La gran pregunta es: ¿Si no creo en nada ni en nadie, por qué siento lo que siento, por qué me siento mal, culpable? Para los que saben de estas cosas, este malestar es causado por nuestra propia consciencia que, para acabarla de jorobar, no sabemos qué es, en dónde se encuentra, ni cómo funciona…Pero el caso es que provoca que yo me sienta mal conmigo mismo.

Si la soberbia o nuestro ego son tan grandes que no nos permiten aceptar que actuamos mal, entonces descubriremos mágicamente, que invariablemente el culpable de nuestro error, el causante de que uno se sienta mal, es el otro.

Nuestra mente se vuelve mañosa. Intentará por todos los medios convencernos de que nosotros siempre tenemos la razón en todo lo que hacemos,  “pensamos” y decimos. Difícilmente nos permitirá aceptar que pudiésemos estar equivocados en algo.

Aquí vemos el choque entre dos titanes intangibles, hábilmente disfrazados: La soberbia y la consciencia.

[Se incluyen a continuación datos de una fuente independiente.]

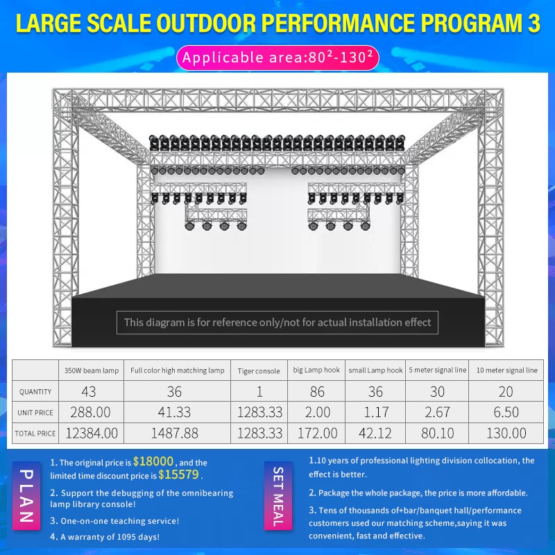 Additional accessories: The lighting console, signal amplifier, and power box are matched according to the number of lights. If the customer has a limited budget, you can use non-waterproof lights and a rain cover.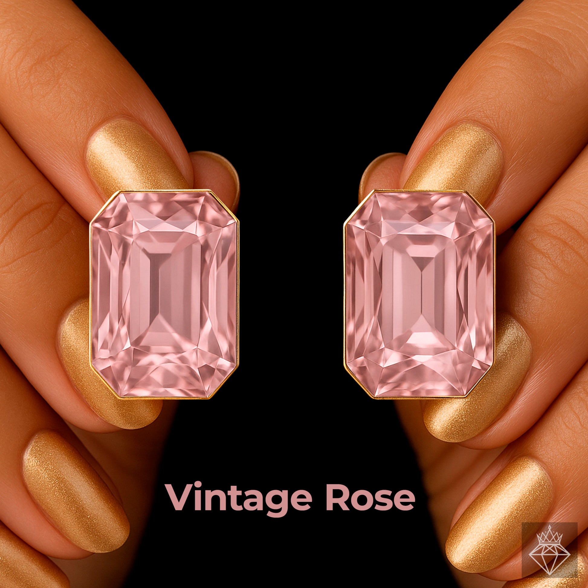 Rectangular vintage rose-colored crystals that radiate classic elegance and charm adorn these gorgeous earrings. With each movement, the crystals' subtle blush tones glimmer, adding a charming and elegant accent to your ensemble. The earrings combine timeless beauty with contemporary sophistication, all set within a finely detailed frame with a vintage-inspired design. Perfect for both professional and informal settings, their sleek, elongated shape provides a sophisticated glitter and flatters the face. They are a perfect accessory for people who value subtle elegance with a dash of vintage glitz because they are comfortable and lightweight. These earrings provide coziness, femininity, and a subtle statement to any ensemble, whether worn alone or with complementary pieces. An elegant complement to any jewelry collection.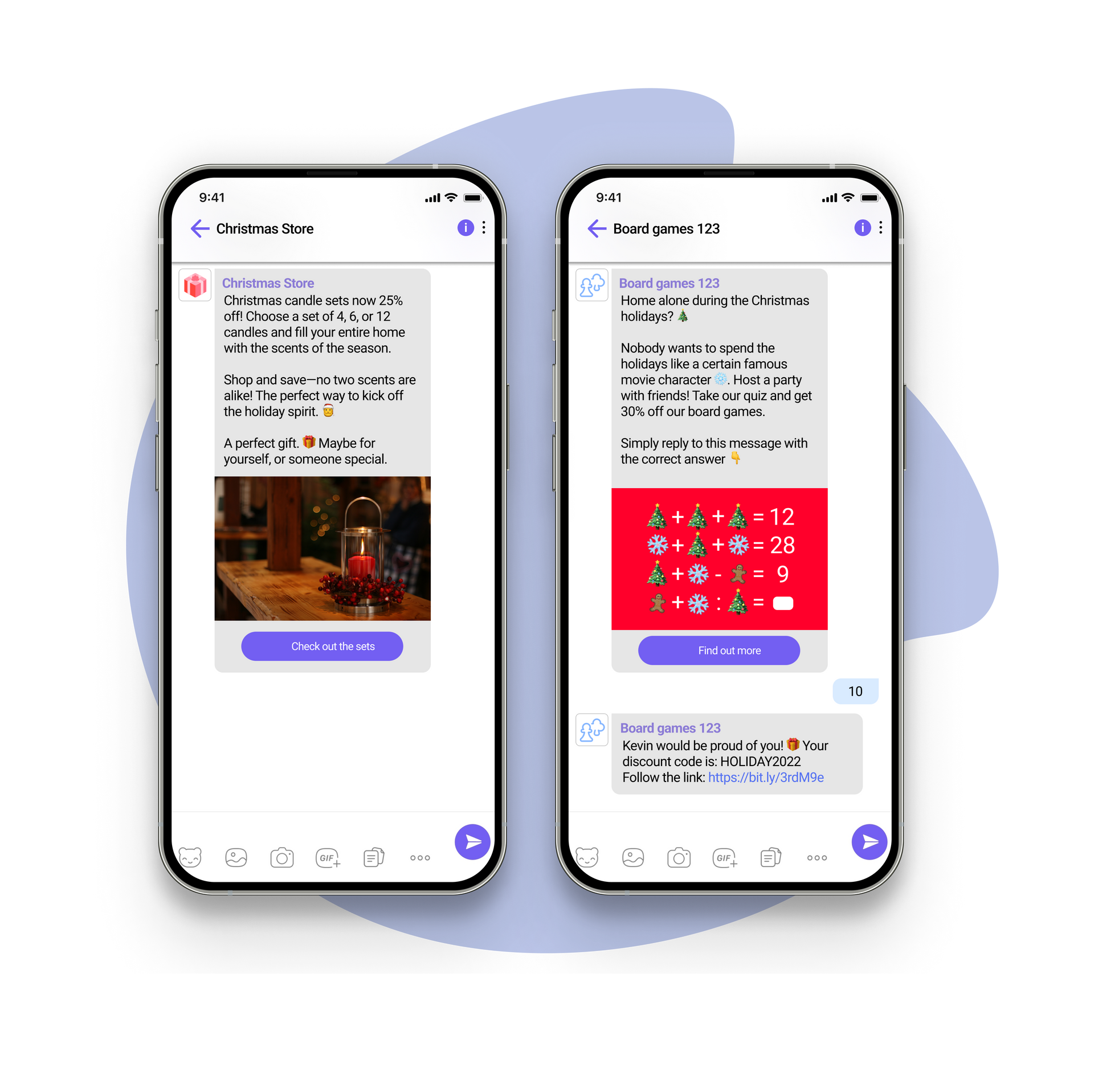 Over the past year, Viber has emerged as one of the more popular conversational marketing channels, yet we often forget that it offers diverse opportunities to incorporate visual and interactive elements that grab attention. Festive cards with website links, short videos featuring gift ideas or eye-catching images with exclusive offers will create the right holiday mood. In addition, you can include interactive buttons such as "Shop Now" or "Redeem Discount" in your messages that allow recipients to quickly take the next step. This simplifies the process and increases the chances of conversion.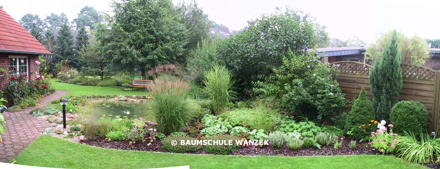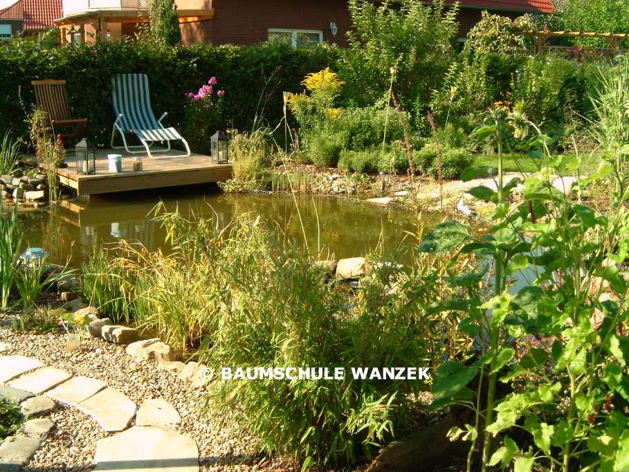 1) Ein Gartenteich, der bereits im 1. Sommer aussieht, als wäre er schon immer als natürlicher Teich im Garten gewesen. Nirgends ist die Folie zu sehen oder muss wegen "Baufehlern" mit Böschungsmatten oder besandeter Folie kaschiert werden.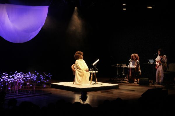 A peça costura música ao vivo, memórias e silêncio como caminhos de resistência e reconexão com a palavra.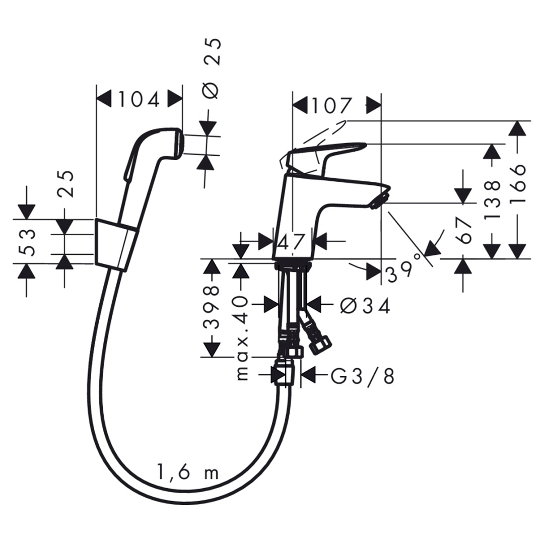 Смеситель для раковины hansgrohe Logis 70 71290000 с гигиеническим душем, хром

Descubrir la dimensión de nuestro ego es un trabajo arduo y doloroso, tanto o más que el encontrar la razón de ser de nuestra desconocida consciencia. Enfrentar la raíz de nuestra fragilidad suele ser muy doloroso, porque tiene raíces muy profundas, con las cuales construimos nuestra personalidad y nuestro ego, el lugar en donde se esconde la soberbia, pero, ¿en dónde encuentro a mi consciencia, quién la formó, cómo, para qué?

That is the question…, diría Shakespeare.